▸ EXERCISE DESCRIPTION: Reproduce all of the data below without alteration; exclude every picture.

▸ MATERIAL PROVIDED:
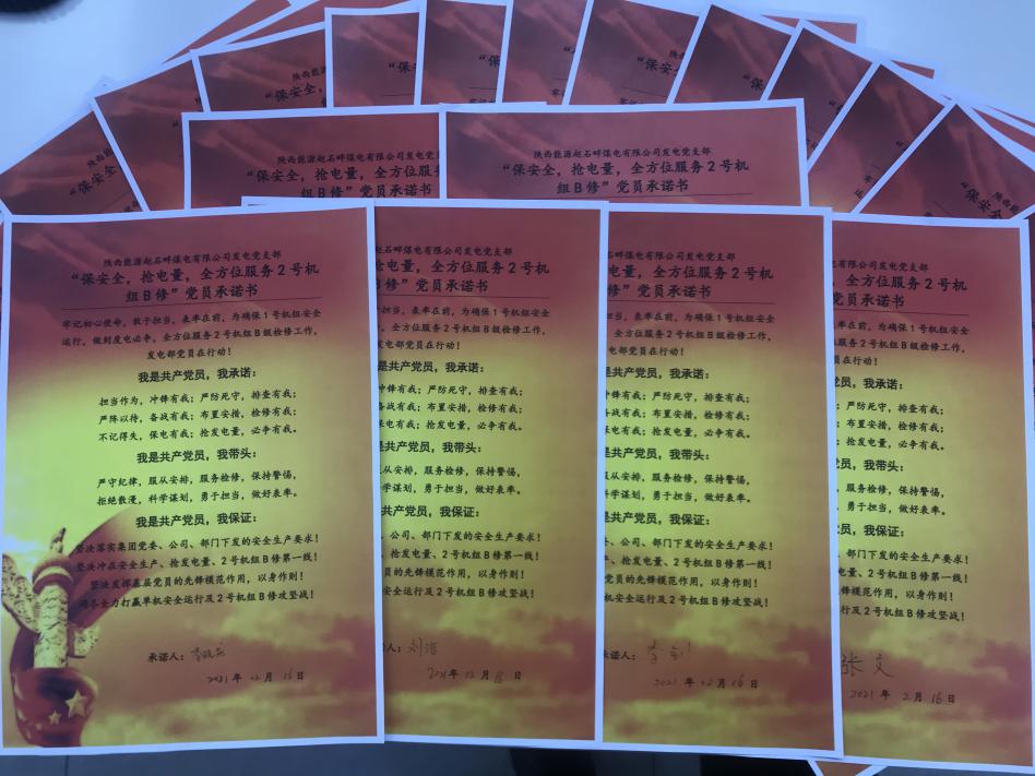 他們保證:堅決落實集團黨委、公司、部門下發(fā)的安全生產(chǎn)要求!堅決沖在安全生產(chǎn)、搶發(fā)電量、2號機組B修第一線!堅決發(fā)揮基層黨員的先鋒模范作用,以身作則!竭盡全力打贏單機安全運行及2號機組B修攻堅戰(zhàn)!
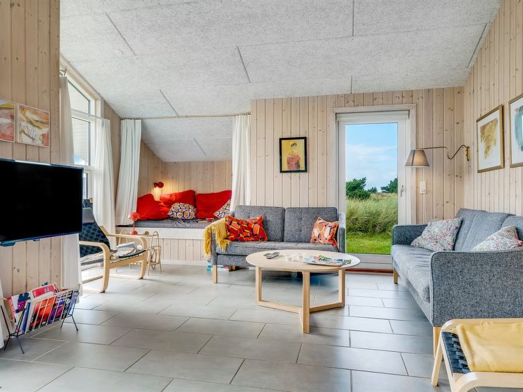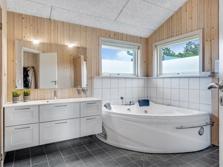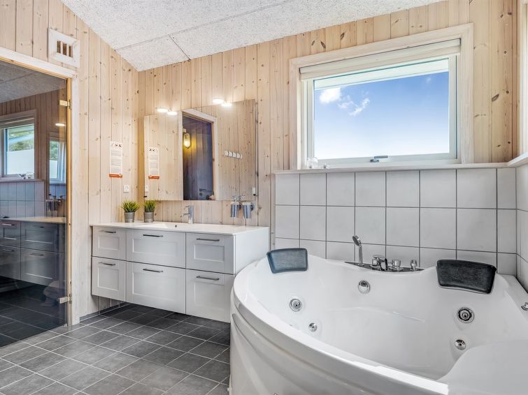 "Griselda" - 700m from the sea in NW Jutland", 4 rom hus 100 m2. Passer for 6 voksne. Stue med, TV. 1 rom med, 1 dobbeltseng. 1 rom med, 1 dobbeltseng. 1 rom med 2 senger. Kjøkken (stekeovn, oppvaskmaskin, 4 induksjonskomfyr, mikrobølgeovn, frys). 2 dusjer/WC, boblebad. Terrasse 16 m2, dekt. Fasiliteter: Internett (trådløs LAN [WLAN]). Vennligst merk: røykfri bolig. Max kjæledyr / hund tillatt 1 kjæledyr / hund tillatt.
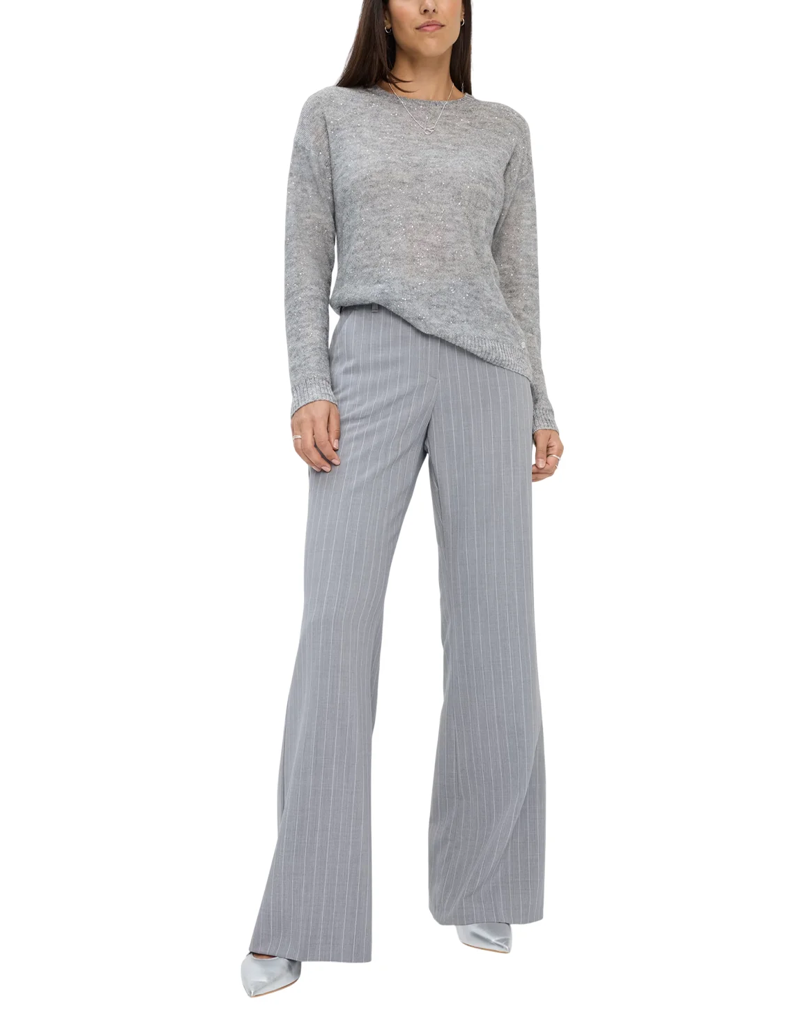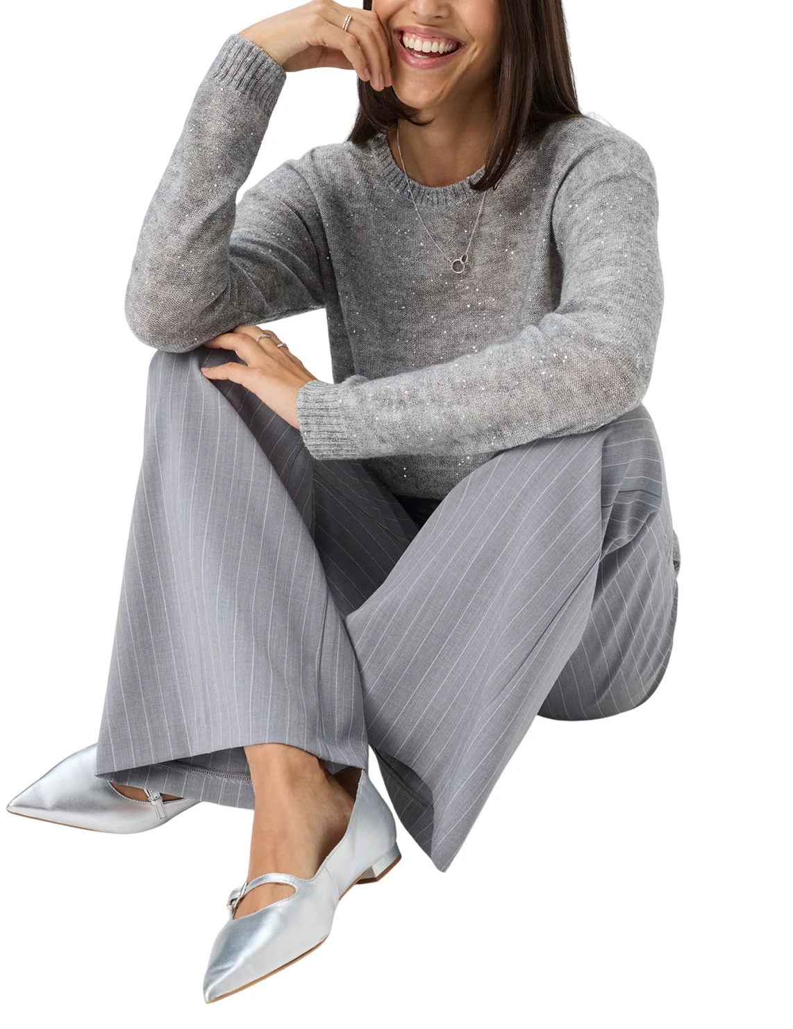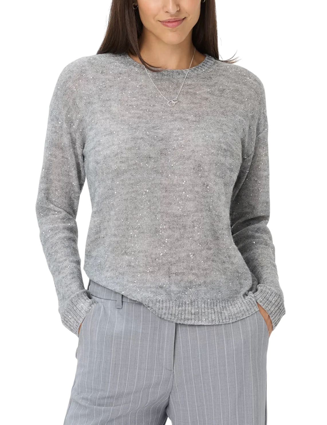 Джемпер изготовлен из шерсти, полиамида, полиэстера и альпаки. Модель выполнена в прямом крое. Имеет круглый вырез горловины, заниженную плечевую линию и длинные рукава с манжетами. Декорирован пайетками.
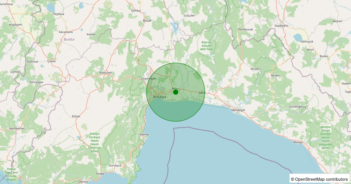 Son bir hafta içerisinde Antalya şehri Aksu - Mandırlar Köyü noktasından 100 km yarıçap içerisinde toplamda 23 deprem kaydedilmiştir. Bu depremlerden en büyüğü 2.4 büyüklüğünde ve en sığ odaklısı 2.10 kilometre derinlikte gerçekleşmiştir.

▸ TASK OUTPUT:
 他們保證:堅決落實集團黨委、公司、部門下發(fā)的安全生產(chǎn)要求!堅決沖在安全生產(chǎn)、搶發(fā)電量、2號機組B修第一線!堅決發(fā)揮基層黨員的先鋒模范作用,以身作則!竭盡全力打贏單機安全運行及2號機組B修攻堅戰(zhàn)!
 "Griselda" - 700m from the sea in NW Jutland", 4 rom hus 100 m2. Passer for 6 voksne. Stue med, TV. 1 rom med, 1 dobbeltseng. 1 rom med, 1 dobbeltseng. 1 rom med 2 senger. Kjøkken (stekeovn, oppvaskmaskin, 4 induksjonskomfyr, mikrobølgeovn, frys). 2 dusjer/WC, boblebad. Terrasse 16 m2, dekt. Fasiliteter: Internett (trådløs LAN [WLAN]). Vennligst merk: røykfri bolig. Max kjæledyr / hund tillatt 1 kjæledyr / hund tillatt.
 Джемпер изготовлен из шерсти, полиамида, полиэстера и альпаки. Модель выполнена в прямом крое. Имеет круглый вырез горловины, заниженную плечевую линию и длинные рукава с манжетами. Декорирован пайетками.
 Son bir hafta içerisinde Antalya şehri Aksu - Mandırlar Köyü noktasından 100 km yarıçap içerisinde toplamda 23 deprem kaydedilmiştir. Bu depremlerden en büyüğü 2.4 büyüklüğünde ve en sığ odaklısı 2.10 kilometre derinlikte gerçekleşmiştir.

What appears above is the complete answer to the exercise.